DP boundary issues with me/other women

72 replies

Tigerlily14 · 05/12/2022 08:49

Have been on here a while but never posted as always got your wisdom through other threads. Need some advice.

DP, not married. Been together two and a half years. I have kids. He doesn’t mid 30’s to 40’s.

Had trouble with minor trust issues since the start. He quickly said he was besotted with me, didn’t want to continue chatting/seeing anyone else. So I deleted all contact with others. And with exes at his request. He said he’d done the same but was still chatting to a girl he met online. Still in contact with his ex behind my back for a year (I had no issue with that just wanted honesty).

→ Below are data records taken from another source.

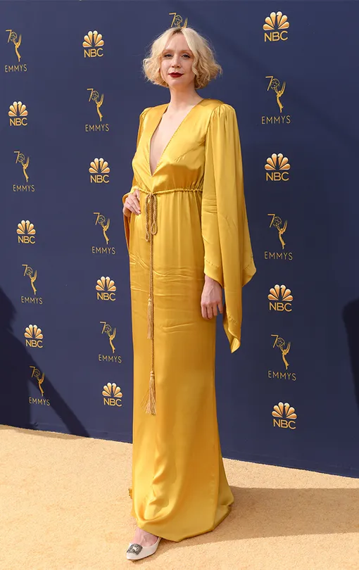 Стопроцентное попадание с цветом и фасоном платья, к сожалению, не уберегло Гвендолин Кристи от неудачного выхода — актрису подвела моментально мнущаяся ткань, сделавшая наряд похожим на штору.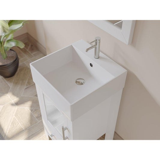 Cambridge Plumbing 18" White Single Wood Vanity Set With Porcelain Countertop And Square Vessel Sink With Faucet Hole And Polished Chrome Plumbing Finish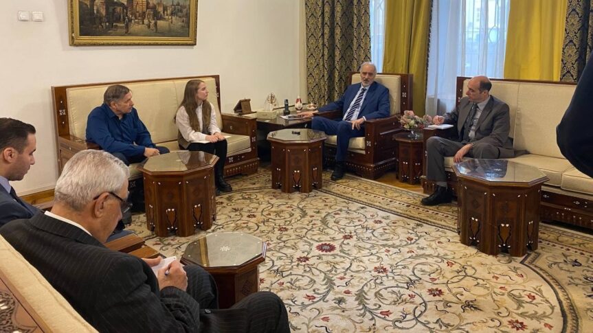 La lettre a été présentée à Faïna le 6 décembre 2022 à l’ambassade de Syrie à Moscou, où elle et son co-auteur, Alexander Kontorovich, ont rencontré l’ambassadeur de Syrie en Russie, Bachar al-Jafari.

Found out he’d tried to initiate contact with a girl from his past and he told me he was trying to line up a ‘back up plan’.

Mentionitis about girls from work. Found him searching their insta pages. Deleting messages from them. Then found out he didn’t have a single photo of me in 2.5 years. He deletes them all. But has photos of these girls. Like he literally has no photo of me. If I get abducted, the police would have to ask someone else 😂

Found out he basically constantly searches 18-21 year old girls wearing not very much on insta.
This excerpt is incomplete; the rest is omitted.